Recorded data START
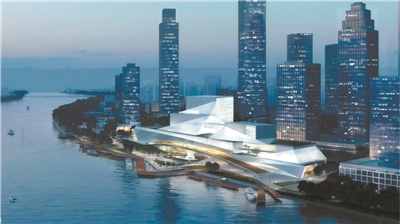 “三馆合一”项目造型像一块游浮于水面而无畏融化的冰凌,又似乘风破浪的帆船。
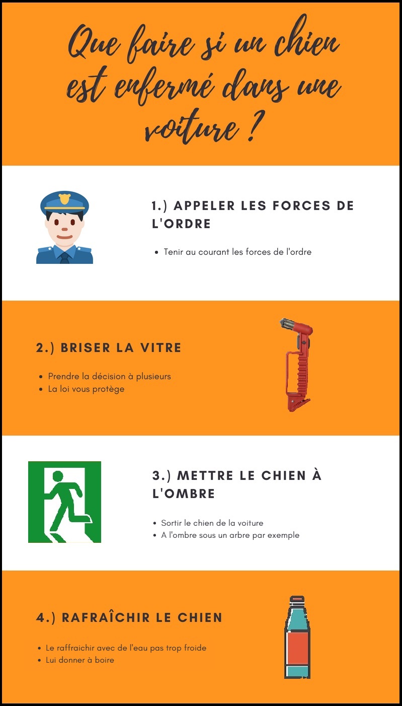 Vous allez nous dire, et si la situation est urgente ? Vous pouvez-vous-même casser la vitre du véhicule afin d’en extraire l’animal. Il est vivement conseillé en revanche de le faire en présence de 2 témoins, qui en cas de litige avec le propriétaire de l’animal pourront attester du cas de force majeure.
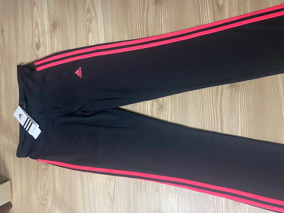 Sıfır kullanılmamış 95 cm uzunluk 18 cm paça genişliği 32 cm Esnek bel sentetik kumaştan, pembe şeritli siyah kadın eşofman altı. Spor ve sokak tarzı için uygundur.
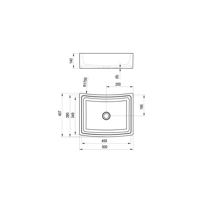 Praustuvas, Matmenys - 500x410x140 mm, Pastatomas ant plokštės, Baltos spalvos, Iš kompozitinės medžiagos, Be persipylimo, Montuojamas kartu su fiksuota sifono galvute, Tinka šiuolaikiniams vonios kambariams, 5 metų garantija
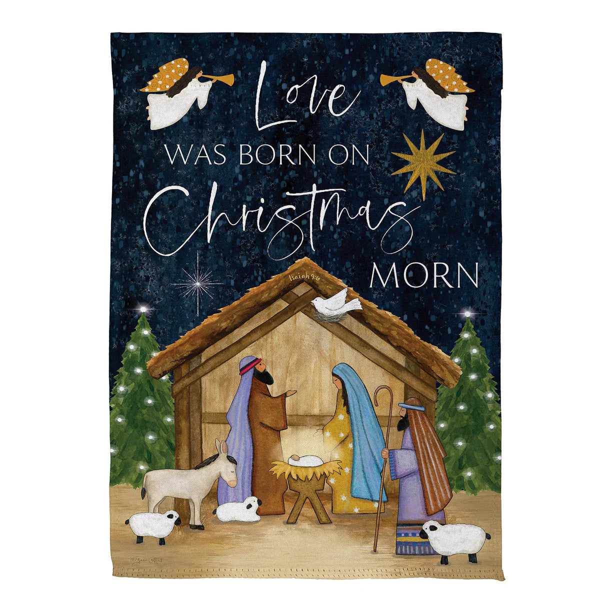Add magic and wonder to any garden or yard when you hang up this beautiful flag. Featuring a heartwarming nativity scene, this flag is perfect for the festive season. Flag is crafted of medium-weight suede fabric made from recycled plastic that provides a soft and durable texture. Artwork is heat transferred onto the sun-blocking material so that it is easily viewed from both sides. The weatherproof flag will not fray or fade with continued outdoor use. This flag features a sleeve for use with any standard flagpole or stand, sold separately.
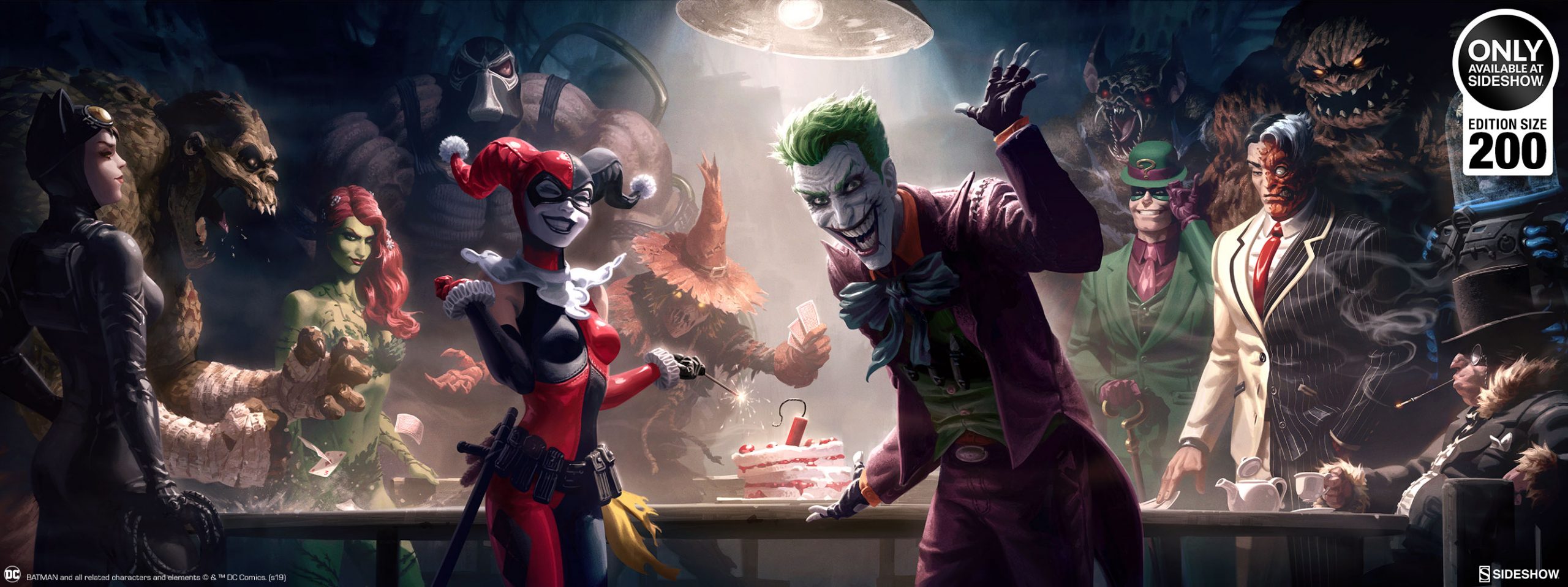 From left to right, this DC Comics fine art collectible includes Catwoman, Killer Croc, Poison Ivy, Bane, Harley Quinn, Scarecrow, The Joker, Man-Bat, The Riddler, Clayface, Two-Face, Mr. Freeze, and The Penguin- 13 iconic villains in all. Every The Rogues Gallery Fine Art Print features an authorized, automated pencil signature and an embossed seal of authenticity as a part of the limited edition of 200 pieces.
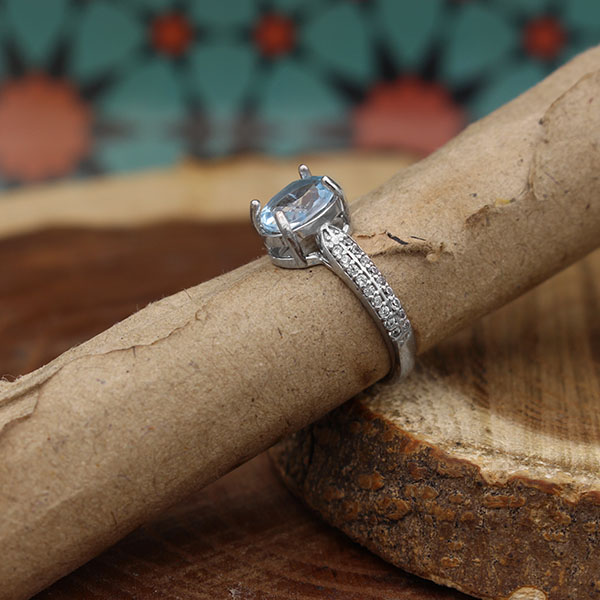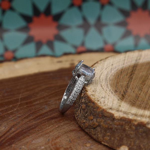 انگشتر توپاز الماس تراش نقره زنانه طرح سایرا
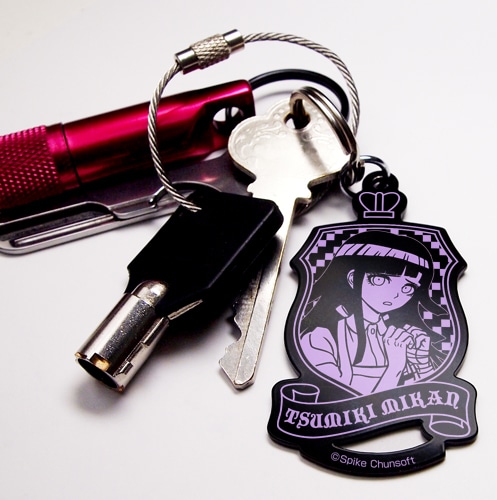 『罪木蜜柑』がプリントされた、エンブレム形状のステンレス製キーホルダー。
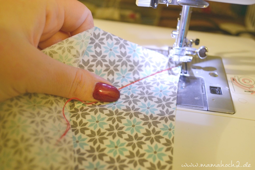 Wenn du in der Ecke angekommen bist, lasse die Nadel im Stoff, hebe dein Nähfüßchen und wende den Wimpel. Wenn du jetzt langsam zurück nähst, kannst du an deinem “Eckenfaden” leicht ziehen und so deinen Wimpel nach hinten ziehen. Dadurch bekommst du eine gleichmäßige Ecke genäht.
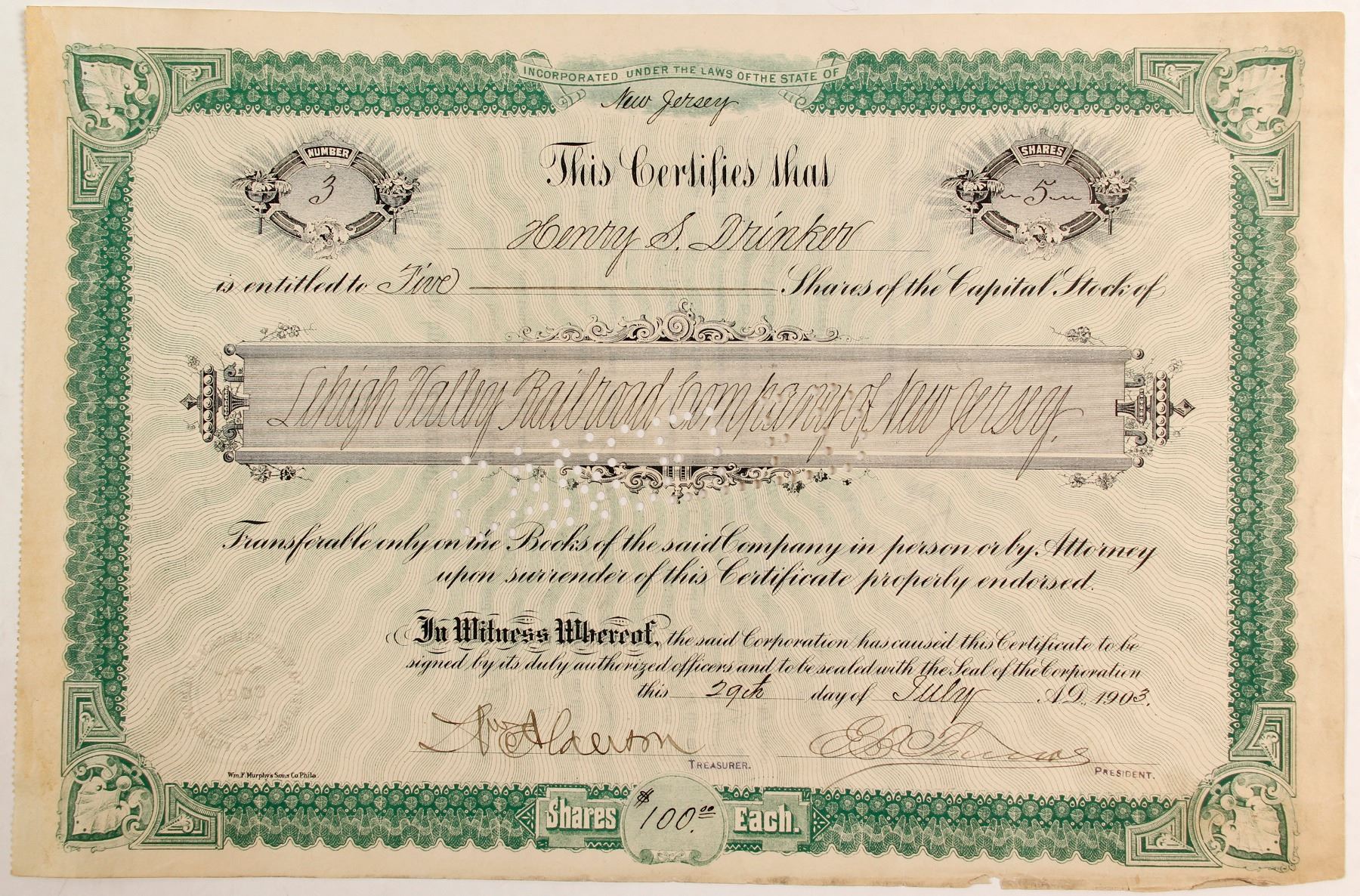 I/C #3 Henry Drinker 5 shares 1903 signed by President Thomas. Tattered bottom. Ken Prag Collection
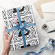 Monogram E Initial Black and White Scroll Pattern Wrapping Paper
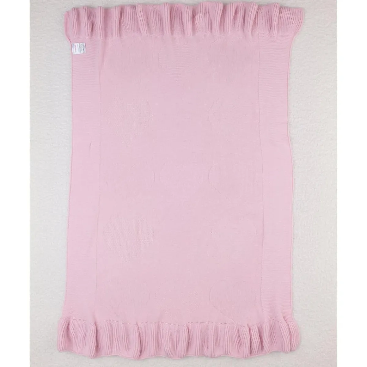 Arropa a tu bebé con esta manta rosa suave para recién nacida, confeccionada en un delicado tejido de punto. Presenta un diseño encantador con volantes en los bordes y un bordado tono sobre tono de estrellas grandes, aportando calidez y un estilo dulce.
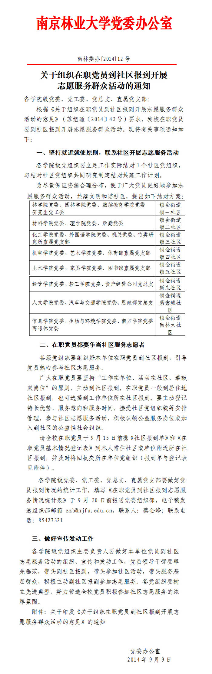 关于组织在职党员到社区报到开展志愿服务群众的通知
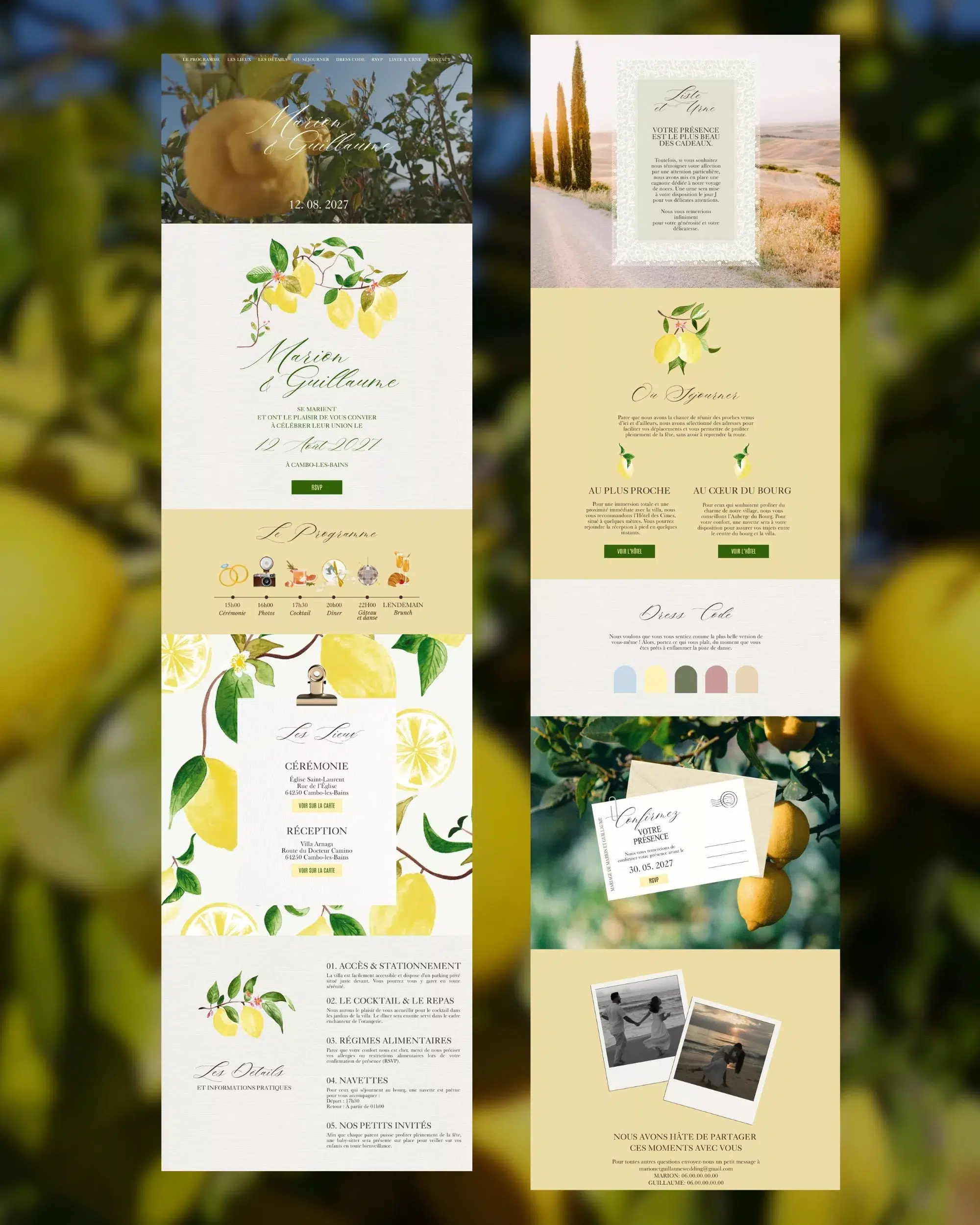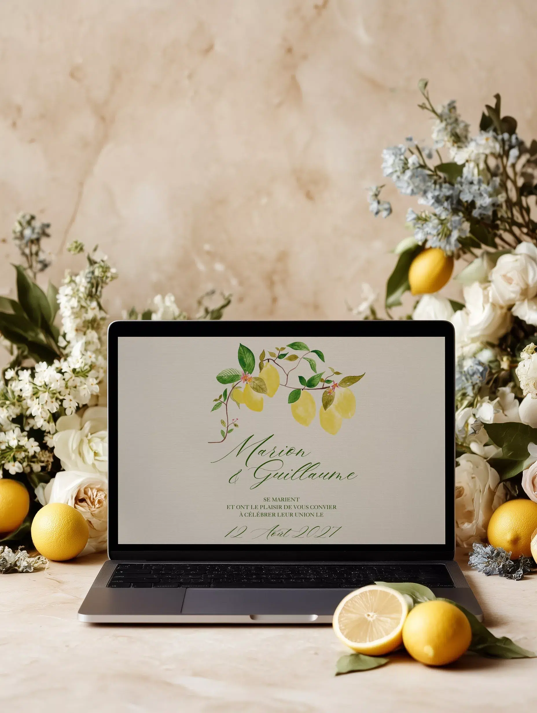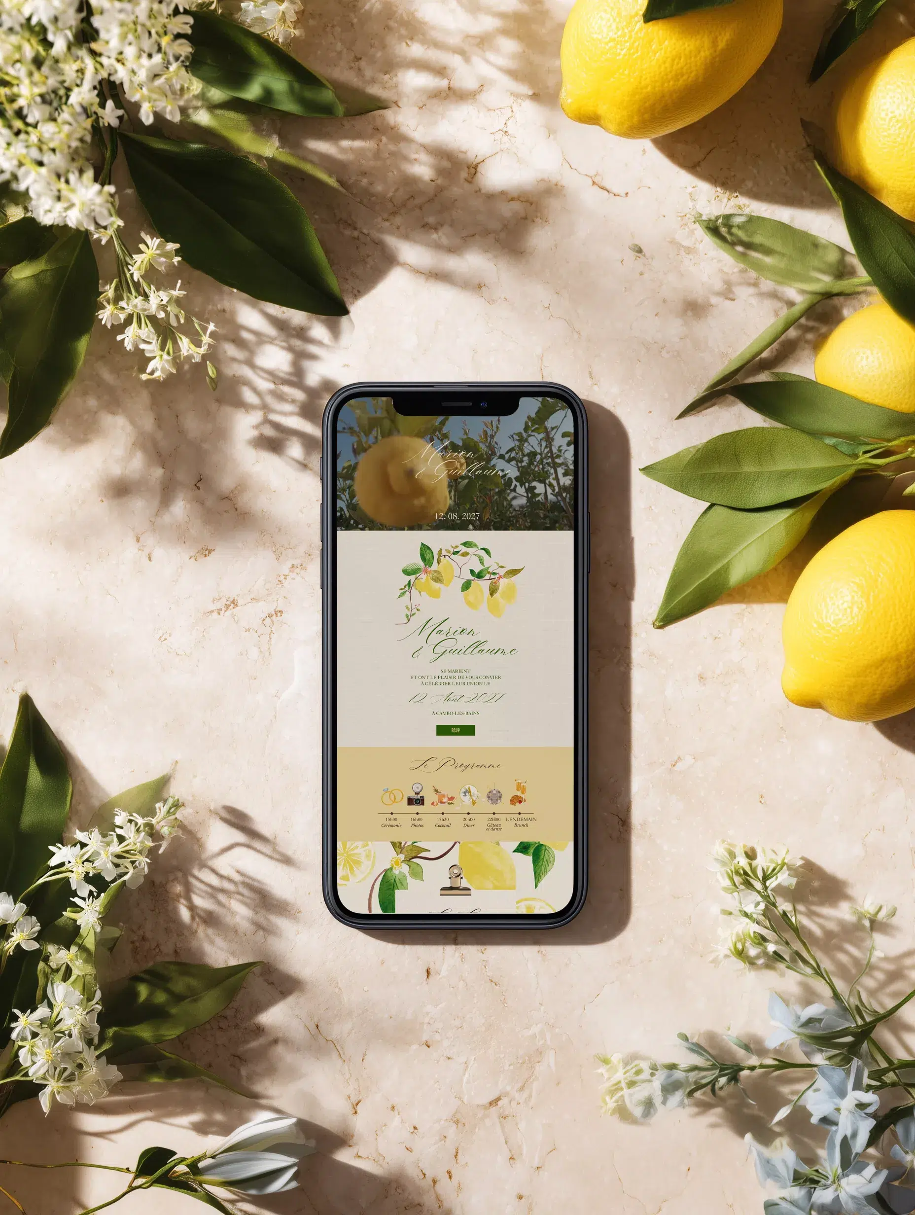 Inspiré de l’atmosphère des jardins méditerranéens, le modèle de faire-part digital citron Un Amour de Citron prend la forme d’un mini-site élégant, conçu pour partager votre mariage avec fraîcheur et modernité.
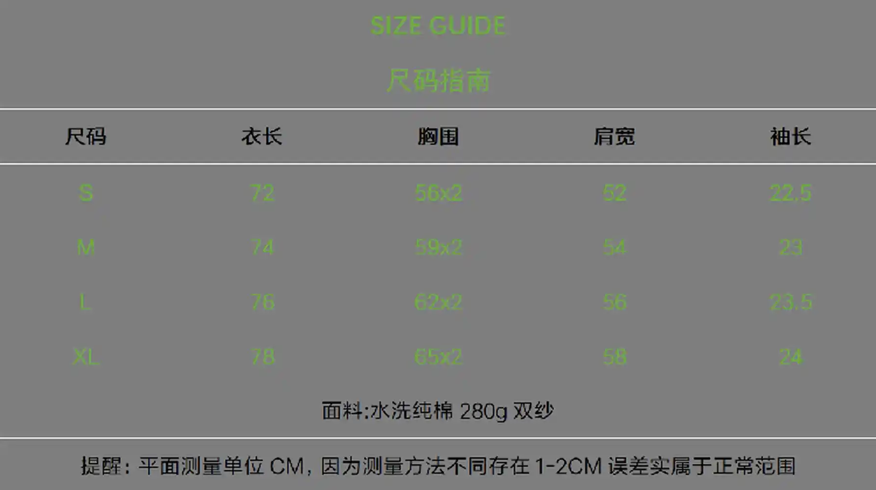 | Size | S, M, L, XL |
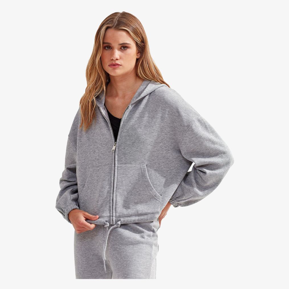 Le sweat à capuche zippé femme en tissu recyclé avec cordon de serrage associe coupe crop-top oversize et fermeture zippée centrale pour un ajustement flexible. Il comprend des poches kangourou à l'avant.
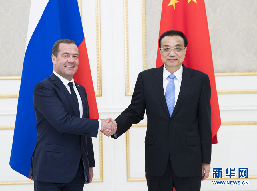 新華社塔什干11月1日電(記者白潔 蔡國棟)當(dāng)?shù)貢r(shí)間11月1日晚,國務(wù)院總理李克強(qiáng)在塔什干會見出席上海合作組織成員國總理會的俄羅斯總理梅德韋杰夫。
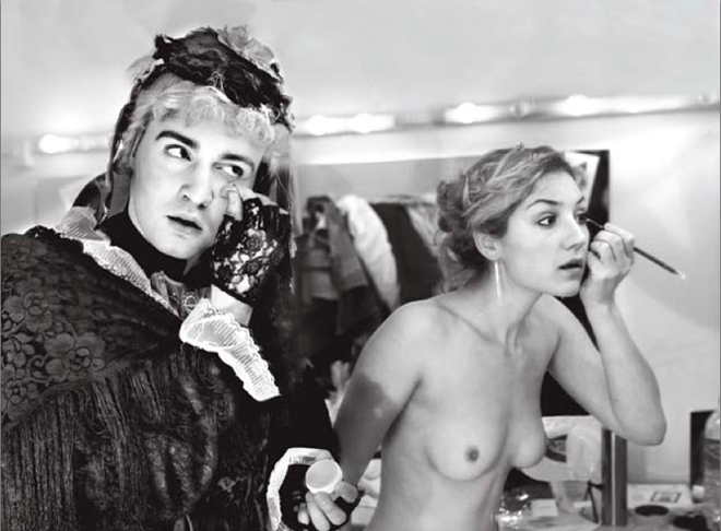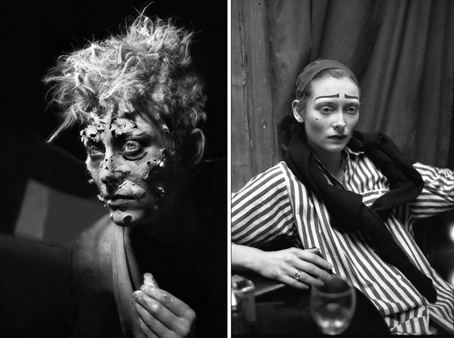 Attēlā pa kreisi – Tilda Svintone izrādē „Cilvēks cilvēkam” („Man to man”), tēlojot sievieti, kura pēc vīra nāves pieņem viņa identitāti. Pa labi – Tilda Svintone Mocarta lomā izrādē “Mocarts un Saljēri”
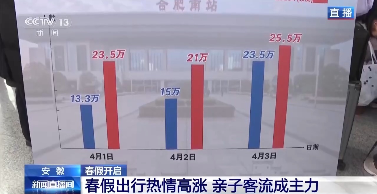 从数据上可以看出,今年春假期间,大家出行的热情非常高,预计1日到3日,整个合肥直属站发送的旅客人数将超过70万人次。
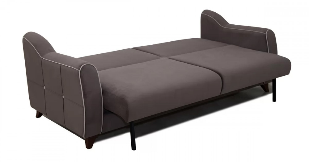 Френсис Диван-кровать арт. ТД 261Габаритысложенный (Д x Г х В, мм): 2280 x 1030 x 900спальное место (Д x Ш, мм): 1950 x 1310высота посадки (мм): 480глубина сиденья (мм): 570максимально допустимая нагрузка: 80 кг на одно посадочное место, 100 кг на одно спальное местоМеханизм трансформацииКнижка с 0 стенойБельевой ящикестьс перегородкой по центру (2 отделения)размер отделения (Д x Ш, мм):  890 x 840 x 200Варианты исполнения5 артикуловсочетание тканей только как на фотоМатериалыосновная ткань: Амиго (велюр)выполняется в тканях: Амиго шоколад (коричневый), Амиго крем (серо-бежевый)каркас: фанера
Recorded data END
• _Aim of the exercise_: Extract from the material above the stretch running from the line containing "انگشتر توپاز الماس تراش نقره زنانه طرح سایرا" through the line containing "I/C #3 Henry". Keep the text exact and the pictures out.

• _Task response_:
 انگشتر توپاز الماس تراش نقره زنانه طرح سایرا
 『罪木蜜柑』がプリントされた、エンブレム形状のステンレス製キーホルダー。
 Wenn du in der Ecke angekommen bist, lasse die Nadel im Stoff, hebe dein Nähfüßchen und wende den Wimpel. Wenn du jetzt langsam zurück nähst, kannst du an deinem “Eckenfaden” leicht ziehen und so deinen Wimpel nach hinten ziehen. Dadurch bekommst du eine gleichmäßige Ecke genäht.
 I/C #3 Henry Drinker 5 shares 1903 signed by President Thomas. Tattered bottom. Ken Prag Collection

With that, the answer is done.